L’urgence, aujourd’hui, est immédiate : un cessez-le-feu à Gaza pour mettre fin à l’hécatombe, sauver les otages et protéger les civils ; l’acheminement d’une aide humanitaire massive par tous les points d’accès ; la préparation d’une mission internationale de stabilisation pour le « jour d’après ». Mais surtout, il faut tracer une trajectoire politique claire, celle de deux États, car nous avons la certitude qu’il n’existe pas d’autre chemin vers la paix et la sécurité régionales que la création d’un État palestinien indépendant.

Q3. Maintenant que la France et 157 autres pays reconnaissent l’État de Palestine, quelles garanties pourront être apportées pour que cet État soit viable ?

Cette reconnaissance est l’aboutissement d’un processus fondé sur des engagements concrets de l’Autorité palestinienne.
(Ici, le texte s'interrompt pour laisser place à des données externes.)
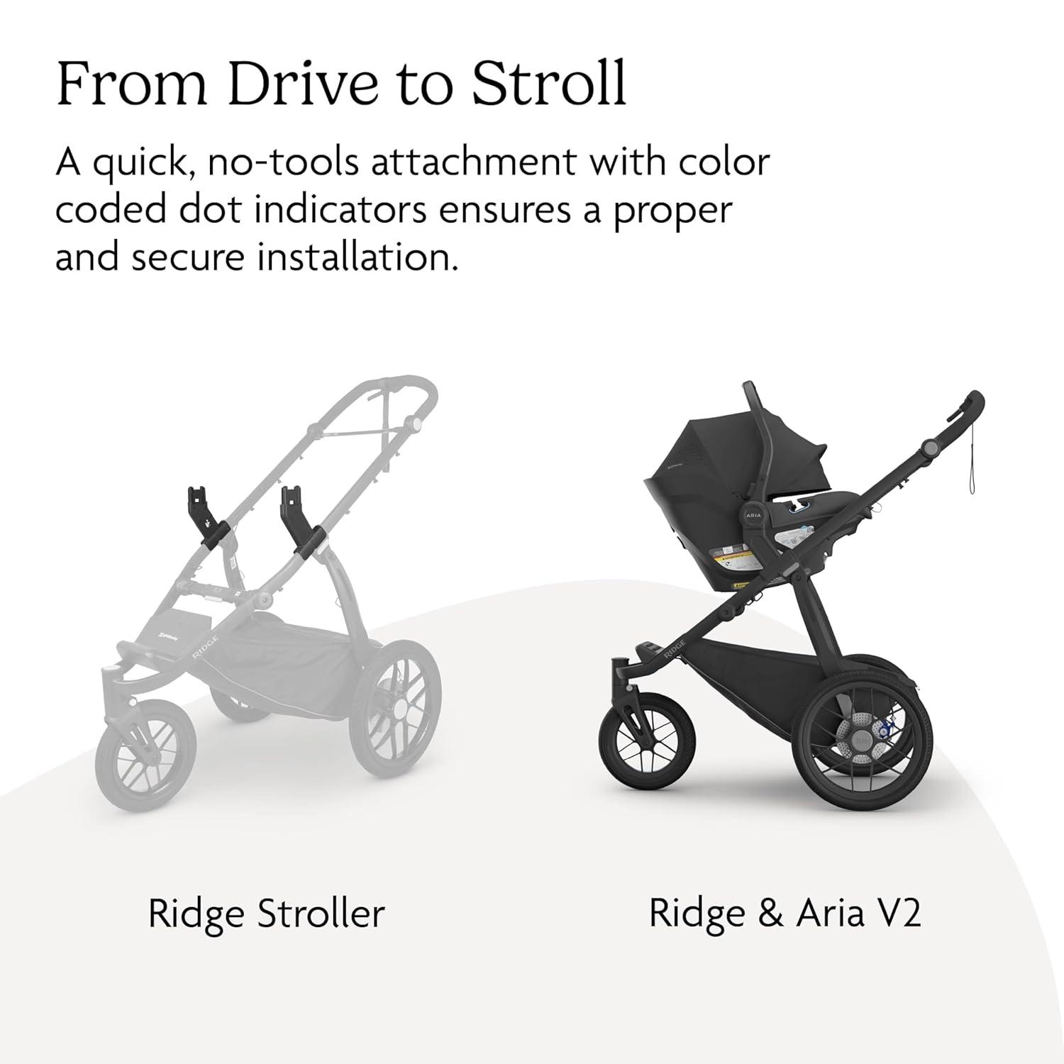 BUNDLE INCLUDES: Ridge Jogging Stroller, Basket Cover for Ridge, Cup Holder for Ridge, Aria V2 Infant Car Seat, Aria Base, Ridge Adapter for Aria

Dans une lettre adressée à Paris, Riyad et Washington, le président Mahmoud Abbas a condamné l’attaque du 7 octobre, accepté le principe du désarmement du Hamas et annoncé un calendrier de réformes profondes. Parmi celles-ci figurent l’abrogation de la loi sur les prisonniers, remplacée par un nouveau système de protection sociale, ainsi que l’organisation en 2026 d’élections présidentielle et législative, ouvertes aux seuls partis qui renoncent à la violence et reconnaissent Israël.
Soutenus par la Ligue arabe et l’Organisation de la coopération islamique (OCI), ces engagements confèrent à la reconnaissance de la Palestine une crédibilité politique inédite et s’inscrivent pleinement dans l’esprit de la résolution adoptée par l’Assemblée générale des Nations unies. Ils ouvrent la voie au « jour d’après » à Gaza, à condition de renforcer l’Autorité palestinienne et de lui donner les moyens financiers de sortir de l’impasse, notamment pour assurer le paiement des fonctionnaires et la continuité des services publics.
Mais l’urgence immédiate reste claire : parvenir à un cessez-le-feu à Gaza pour mettre fin à l’hécatombe, sauver les otages et protéger la population civile. C’est seulement à cette condition que pourra se dessiner une trajectoire politique vers la solution des deux États. Le Président de la République l’a rappelé sans ambiguïté : toute annexion de la Cisjordanie constitue une ligne rouge que la communauté internationale ne saurait accepter.

L’ambassadeur de France en Arabie saoudite déclare au journal « Al-Sharq Al-Awsat » : « La collaboration est à l’origine du succès de la conférence de New York ».